Alumni Spotlight: Patrick Drupp heads climate policy for Sierra Club

SOEST alum Patrick Drupp was selected as the director of climate policy and advocacy for Sierra Club, the nation’s oldest and largest grassroots environmental organization. Having worked with Sierra Club since 2019, Drupp will continue his work to advance policy in Congress and the Administration, for example with the Environmental Protection Agency and  Department of Energy, to rapidly deploy clean energy, clean up air pollution, and fight climate change.

Drupp completed his master’s degree in 2010 and doctorate in 2015, both in the Department of Oceanography. Specializing in marine geochemistry, his doctoral research primarily focused on the effects of climate change and ocean acidification on coral reef ecosystems.

Read his career profile in Oceanography Magazine, the official journal of the Oceanography Society.

Drupp spent 2015 as a Sea Grant Knauss Fellow, a marine policy fellowship program that provides a unique educational and professional experience to graduate students who have an interest in ocean, coastal and Great Lakes resources and in the national policy decisions affecting those resources. The program and his placement in the NOAA Office of Education allowed him to expand from the specific focus of his dissertation research topic to a much wider range of work related to oceanography and marine policy.

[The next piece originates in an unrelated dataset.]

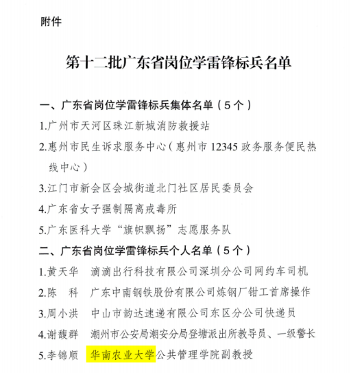 近日,中共广东省委宣传部命名了第十二批广东省岗位学雷锋标兵。其中,我校公共管理学院李锦顺老师入选“广东省岗位学雷锋标兵个人名单”,全省仅5人获此殊荣。

Soon after assuming his new role with Sierra Club, Drupp was called on to comment on the Environmental Protection Agency’s 2023 announcement that greenhouse emissions had increased 5.5 percent during 2021. He called the report “a sobering reminder that while the U.S. and President Biden have made significant progress against deadly climate pollution, the job is far from finished. … The Biden Administration must use every option available to continue to protect our climate and public health, including equitable and just implementation of the Inflation Reduction Act paired with stronger EPA standards limiting dangerous air and water pollutants.”